From Canadian Criminal Law Notebook
Jump to: navigation, search

General Principles

Openess of the court process is necessary to achieve justice. [1] It is "one of the hallmarks of a democratic society".[2]

The open courts principle intends "to illuminate the avenue of accountability for the judicial system".[3] Every stage of a proceedings should have "public accessibility and concomitant judicial accountability".[4] Reduction of "public accessibility can only be justified where there is present the need to protect social values of superordinate importance.”[5]

The right to a open court includes access "to the court’s proceedings, records and exhibits" as well as the right to copy and distribute the information.[6]

All examinations of witnesses must be done in open court.[7]

Burden or Onus
The burden will be upon the person who attempts to deny access to court information.[8]

There is a presumption that Courts are open including their exhibits and records.[9]

Standard
At common law, a publication ban should only be ordered where the Dagenais-Mentuck test is satisfied which requires:[10]

  1. such an order is necessary in order to prevent a serious risk to the proper administration of justice because reasonably alternative measures will not prevent the risk; and
  2. the salutary effects of the publication ban outweigh the deleterious effects on the rights and interests of the parties and the public, including the effects on the right to free expression, the right of the accused to a fair and public trial, and the efficacy of the administration of justice.

Restrictions will be in the public interest where it is necessary to:[11]

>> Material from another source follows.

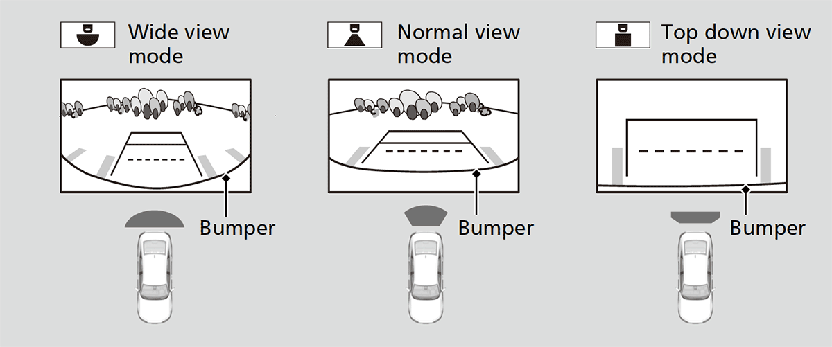 • If you were last using Wide view mode or Normal view mode, the same view mode will be activated the next time you put the transmission into R.
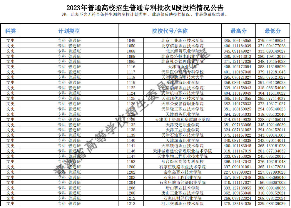 青海:2023年普通高校招生普通专科批次M段投档情况公告点击查看

  • protect the innocent from unnecessary harm
  • prevent significant harm to the victim or to witnesses
  • "safeguarding privacy interests" of victims to encourage reporting of sexual offences
  1. A.G. (Nova Scotia) v MacIntyre, 1982 CanLII 14 (SCC), [1982] 1 SCR 175 per Dickson CJ ("Where there is no publicity there is no justice. Publicity is the very soul of justice. It is the keenest spur to exertion and the surest of all guards against improbity. It keeps the judge himself while trying under trial.")
  2. CBC v New Brunswick (A.G.), 1996 CanLII 184 (SCC), [1996] 3 SCR 480
  3. Coltsfoot Publishing Ltd. v Foster-Jacques, 2012 NSCA 83 (CanLII), at Para. 85
    See also Vancouver Sun (Re), [2004] 2 SCR 332, 2004 SCC 43 (CanLII), at para 25
    Vickery v Nova Scotia Supreme Court (Prothonotary), per Cory J. in dissent on other issue ("If court proceedings, and particularly the criminal process, are to be accepted, they must be completely open so as to enable members of the public to assess both the procedure followed and the final result obtained. Without public acceptance, the criminal law is itself at risk.")
  4. A.G. (N.S.) v MacIntyre, ibid.
  5. A.G. (N.S.) v MacIntyre, supra
  6. E.g. R v Canadian Broadcasting Corporation, 2010 ONCA 726 (CanLII)
    Lac Amiante du Quebec Ltee v 2858-0702 Quebec Inc., 2001 SCC 51 (CanLII), [2001] 2 SCR 743
  7. Re Krakat, 1965 CanLII 358 (ON SC)
  8. MacIntyre, supra, at p. 189
  9. R v Mentuck, [2001] 3 SCR 442, 2001 SCC 76 (CanLII)
  10. R v Mentuck, 2001 SCC 76 (CanLII), [2001] 3 SCR 442, 462
    R v CBC, [2010] OJ No. 4615 (CA)(*no link)
  11. CBC v New Brunswick (A.G.)

Sub Judice

The common law principle of contempt sub judice prevents parties from from making statements to the public that are calculated to interfere with the court proceedings.[1]